I learnt this from a feature in Sun.Star Weekend. Barack's dad obviously got around, sowing a few wild oats, but the article didn't tell us much more as God stepped in at around paragraph six and out went an interesting feature and in came the weekend's Godbothering. Next feature please.
Sunday is also Dagmay day, a page from the city's literati introducing Dabawenyo writing talent and, I suspect, an attempt to educate literary thugs like myself.
I always read Dagmay's page and usually, generally, harrumph into my beard and move on to something more digestible. Lately though Dagmay has become a tad more accessible by offering more down to earth fare.

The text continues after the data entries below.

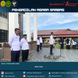 Apel pagi yang rutin dilaksanakan setiap hari Senin menjadi awal semangat untuk melaksanakan perkerjaan kembali bagi seluruh aparatur Pengadilan Agama Sambas.
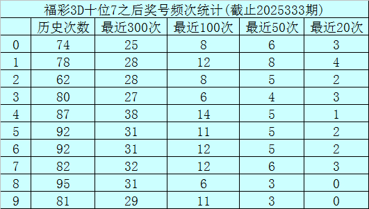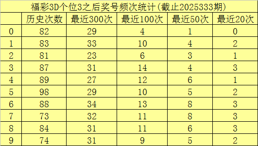 个位杀号:上期个位奖号为3,历史上个位奖号3共开出840次,最近100次个位奖号3出当前,其下期号码0-9开出次数诀别为:奖号3开出14次,6开出13次,4开出12次,7、8开出11次,1、5开出10次,9开出9次,2开出6次,0开出4次。
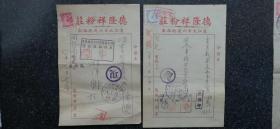 食品专题-----伪满州国票证单据------昭和13年/康德5年(1939)明治制果哈尔滨贩卖所"凤梨罐头/白玉球糖“出荷案内/发货票 (税票2张)
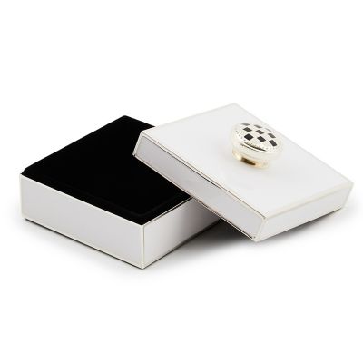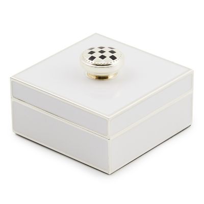 Store your keepsakes in this trinket box, featuring an enameled white coating on silver plate, lined with velvet and topped with a check knob. It’s presented in a box for easy gift giving.

The first piece to catch my eye, some weeks ago, was "Davao - A view" written by Liu Bao, a foreign student at the Ateneo de Davao University. We're not told which bit of foreign Liu comes from -- Vietnam -- nor if Liu is a he or she and nor does the author's gender come across in the writing. But look at the faultless English -- probably a second or third language -- and look at the style.
Liu is writing about one of my favorite topics -- life on the roads -- and yet I couldn't have written Liu's piece. Mine would have ended up as a negative, sarcastic, look-at-these-fools screed. Liu has taken a positive view and turned in a light-hearted, informative and, above all, entertaining piece; a piece we'd find (with like illustrations) in an airline or traveler's mag.
Gentle humor is exceedingly difficult to write, far harder than the laugh out loud variety. I can't do it; I wish I could.
The next week Dagmay again veered off course and gave us a short item about "An English painter in Davao, 1934" written by Aussi artist Tony Twigg.
I love shorts like this. Not long enough to bore; just the right length to pique the interest. I'll generally go off to learn a little more -- a looking and learning which is addictive and the reason why, at used-book sales, I'll come away with an armful of annuals -- hardback collections of articles and features culled from this or that magazine.
Much of the content, especially in the North American mags, will be tales of the huntin' and fishin' variety and the style, by today's standards, pedestrian. Press on though as I have recently with a 1950s selection from the Denver Post's Rocky Mountain Empire Magazine (They don't name them like that anymore!).
I thought about skipping through my favorite pieces -- parachuting firefighters, a new to me Western novelist (Bill Raine) -- but instead leave it to Palmer Hoyt, the then publisher of the Denver Post, who wrote in his 1950 introduction, "Here is the story of one of the West's most dramatic train bandits who is now peacefully operating a Wyoming tourist resort. There are tales of a tiny narrow-gauge locomotive which should have hit the scrap heap in 1900 but lasted long enough to haul material for the atom bomb; the strange legend of the last of the Texas longhorns; a trip with today's diesel giants hauling freight over the Continental Divide where wolves chase the trucks at an altitude of twelve thousand feet."
You folks who play with your cellphones all day don't know what you're missing.